Сверхнациональная нация, или Смерть русским
Внеположная русскому народу в масштабах всей Земли, «Русская Доктрина» внеположна ему и в масштабах собственно России. Ибо имеет в виду не его, если так можно выразиться, личную судьбу и благо, а судьбу и благо всего населения страны в целом. Или, по терминологии доктринёров-смыслократов, сверхнациональной нации. Опасность такого подхода для нас, русских, выверена всей нашей историей, и сегодня представляется прямо-таки смертельной.
«Идея единства нации (единства языка, ценностей, поведения, культуры)… должна быть сверхнационально-русской» (226), — так уверяют нас смыслократы, недаром исключившие общность происхождения из списка признаков нации. И разъясняют: «Всякий, кто вставал с нами в ряд и брался за топор и пилу, — тоже становился русским, будь он татарин, бурят, осетин, таджик или китаец» (271), «непринадлежность к великороссам и славянам не делает граждан России нерусскими» (273).
Извращённое понимание русскости — краеугольный камень доктринальной смыслократии. Здесь проходит главный водораздел, делающий невозможным приятие РД в целом, невзирая ни на какие её подлинные и мнимые достоинства. Ибо принять доктринёрскую трактовку русскости — означает предать свой родной, собственно русский народ, согласиться с его смертью (точнее, с похоронами заживо), благословить его исчезновение в кратчайшей перспективе. Это всё равно, что превратить свой отчий дом в общежитие, а собственную родную семью променять на жилтоварищество, признав, ни с того ни с сего, родным всё пёстрое население общаги.
Для нормального русского человека это вещь совершенно невозможная. Я могу уважать и ценить инородца, разделившего со мной тяжкий труд, особенно воинский. Я и полюбить мог бы такого человека, но только не так, как любят сына, брата, отца. Мне даже и неважно было бы, хорошо ли он говорит по-русски, знает ли Пушкина, верит ли в Христа или Перуна. Уважать и любить можно любого работника, сотрудника, соратника, свою рабочую лошадь или дойную корову, наконец. Но никто и никогда не заставит меня принять в семью ни лошадь, ни корову, ни работника, не заставит меня относиться к ним как к родным. Как ни одну даже самую лучшую в мире женщину я не соглашусь принять вместо своей родной матери. Это — совершенно разные вещи!
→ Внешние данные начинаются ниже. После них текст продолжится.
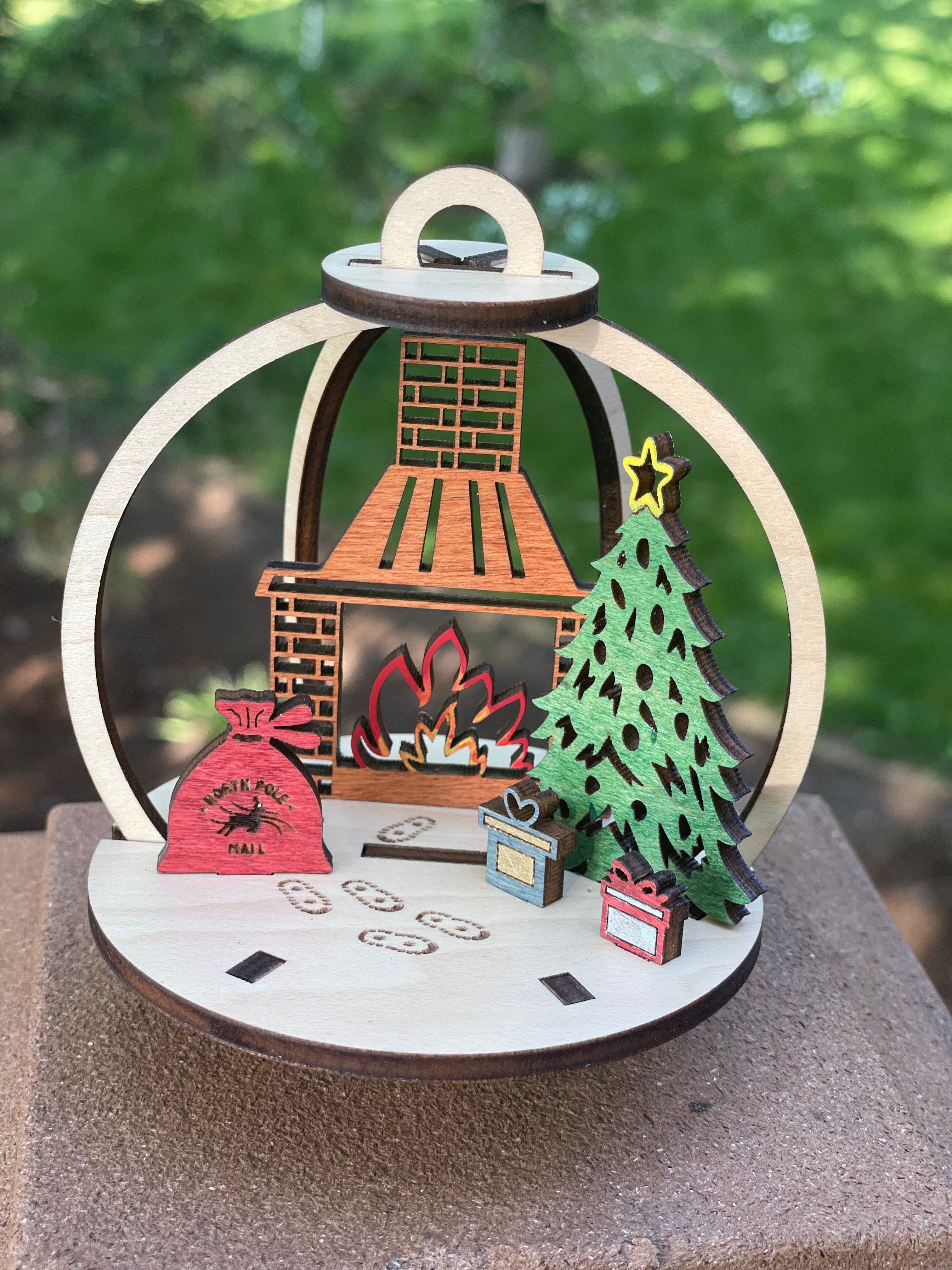 He was here! Santa came! Santa left a bag of goodies - along with his footprints! This globe is made from stained maple wood with hand-painted accents. It measures 3 1/2 inches in diameter. The globe comes with a wooden base for tabletop display and a wooden hook for hanging, all in a gift-worthy box.

А если меня будут пытаться склонить к тому силой, я возьмусь за оружие.
Моя семья — это моя семья и только.
Мой народ — это мой народ и только.
Замечательно в этом контексте откровенное признание авторов: «Консерваторы видят в частях нации членов семьи — если это не родные дети, не своё племя, то государство выступает как сиротский приют, усыновляющий племена» (39).
Вот-вот, именно: государство как сиротский приют. Так смыслократы понимают идеал! Большое спасибо. Мы это знаем не понаслышке. Мы, русские, всей шкурой восчувствовали, что это значит, когда тёплый родительский дом превращается в сиротский приют, ведь именно в такое горько-сиротское положение нас сразу же поставила советская власть. А каково иным детишкам, инородцам, у которых живы папа-мама, когда их в сироты записывают, под приёмных родителей отдают? Ведь у них и свои настоящие родители есть, любимые, чтимые, а им говорят: нет, дорогие, вы теперь дети другого рода-племени! Ведь так вам же лучше, сытнее, почётнее! А они не хотят менять родных — на почётных… А при этом каково родным-то детям, когда их дом наполняют чужие сверстники, к которым требуется относиться как к своим, отдавая, хочешь-нехочешь, любимые игрушки и самые сладкие кусочки? Каково, наконец, жить законному наследнику хозяина-отца, в доме, где распоряжаются сменяющие друг друга отчимы, при которых бегают по двору десятки детишек, все одинаково свои, все одинаково чужие? Как чувствовал бы себя Телемах, если бы Пенелопа, вместо того, чтобы ждать Одиссея, вышла бы тем временем разок-другой-третий замуж, наплодя полный двор бастардов, претендующих на хозяйство телемахова отца? Не схватился ли бы законный сын царя Итаки раньше времени за отцовский лук?!